Goal of the exercise – When you reach the line containing "数値評価ではなく、ことばを基本に多角的に評価 学校からの一方的なテストや宿題は基本なく、数値評価は行いません。 |", begin reproducing the material exactly, stop after the line containing "СберСтрахование, страховая компания", and leave out any pictures along the way.

Data under study –
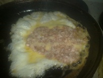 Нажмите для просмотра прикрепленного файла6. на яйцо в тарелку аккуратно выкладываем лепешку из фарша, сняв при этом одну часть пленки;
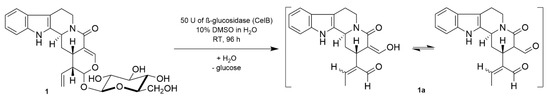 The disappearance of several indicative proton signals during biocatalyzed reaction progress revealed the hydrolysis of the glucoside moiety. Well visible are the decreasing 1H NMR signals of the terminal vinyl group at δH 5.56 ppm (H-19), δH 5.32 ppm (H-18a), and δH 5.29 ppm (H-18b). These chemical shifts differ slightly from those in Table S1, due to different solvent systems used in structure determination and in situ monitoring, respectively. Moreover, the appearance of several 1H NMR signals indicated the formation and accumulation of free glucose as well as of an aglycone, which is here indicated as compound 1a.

* * *

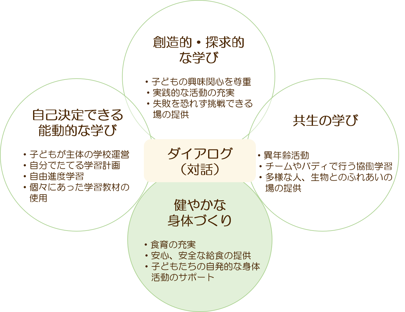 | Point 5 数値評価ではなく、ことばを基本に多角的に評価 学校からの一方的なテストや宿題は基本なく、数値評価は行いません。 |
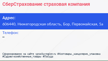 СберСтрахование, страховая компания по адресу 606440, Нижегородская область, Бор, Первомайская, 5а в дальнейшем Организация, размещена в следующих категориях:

---

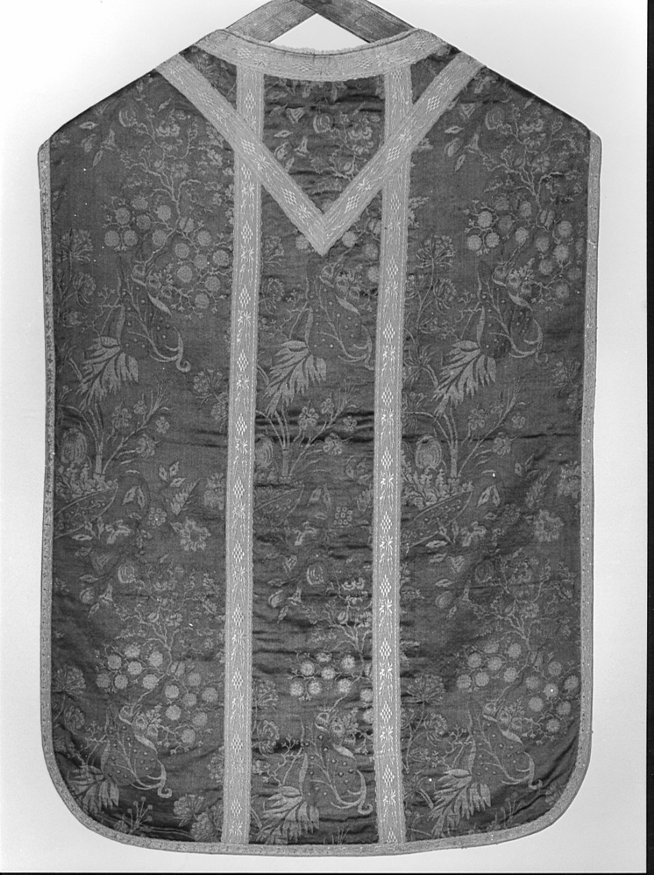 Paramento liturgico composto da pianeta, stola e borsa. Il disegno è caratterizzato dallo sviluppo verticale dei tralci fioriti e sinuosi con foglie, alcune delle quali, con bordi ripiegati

Output for this task –
 | Point 5 数値評価ではなく、ことばを基本に多角的に評価 学校からの一方的なテストや宿題は基本なく、数値評価は行いません。 |
 СберСтрахование, страховая компания по адресу 606440, Нижегородская область, Бор, Первомайская, 5а в дальнейшем Организация, размещена в следующих категориях:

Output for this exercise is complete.